Повернул картину. На обороте проставлены даты и денежные суммы. Взносы почти за восемь лет, в основном по 500 долларов, несколько раз по 750 и дважды по тысяче. Общая сумма подсчитана мелкими цифрами. 11000 долларов. Последний взнос мистер Венниер не получил. Когда деньги принесли, он был уже мертв. Не так уж много денег — за восемь-то лет. Должник мистера Венниера умел торговаться.

Картонный задник крепился к рамке стальными патефонными иглами… Две из них выпали. Я вынул картонку, немного порвав ее. Под ней, между задником и картиной, был вложен белый конверт. Запечатан, без адреса. Внутри оказались две квадратные фотографии и негатив. Фотографии совершенно одинаковые. Человек далеко высунулся из окна, кричит, разинув рот. Руками держится за кирпичные выступы на оконной раме. У него за плечом лицо женщины.

Худощавый темноволосый человек.

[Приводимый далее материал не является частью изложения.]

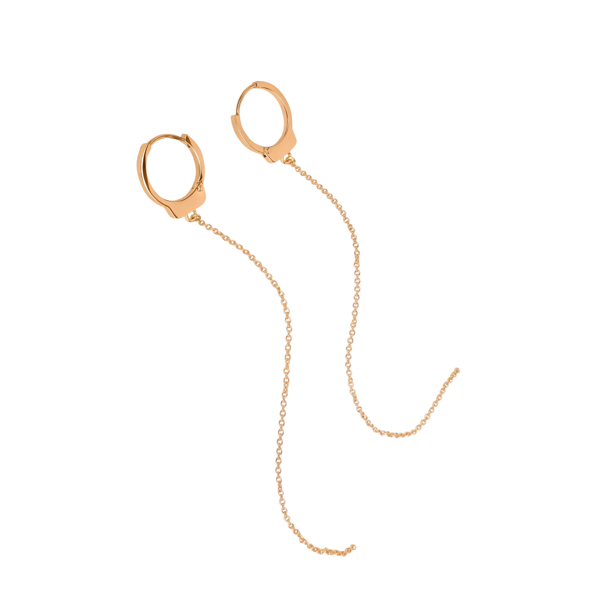 When traditional symbols of undying love just won't cut it anymore, these hand-cuff themed jewels are a unique way of showing your significant other the way you feel. 18K Rose Gold.

Черты его лица, как и лицо стоявшей за ним женщины, вышли неразборчиво. Высовывается из окна, кричит или зовет кого-то.

Я держал фотографию в руках и внимательно смотрел на нее. Ничего особенного сначала не заметил. Но чувствовал — что-то тут не то. Но что? Продолжал смотреть. И вдруг в глаза бросилась одна мелочь. Мелочь, но очень важная. Положение рук мужчины на фоне стены, в том месте, где вырезана оконная рама. Руки ни за что не держатся, ничего не касаются. Над кирпичным выступом не руки, а тыльная сторона запястья. Руки в воздухе.

Мужчина не высовывался. Он падал.

Я положил фотографии обратно в конверт, сложил картонку и запихнул ее вместе с конвертом в карман. Рамку, стекло и картину спрятал в бельевой шкаф, под полотенца.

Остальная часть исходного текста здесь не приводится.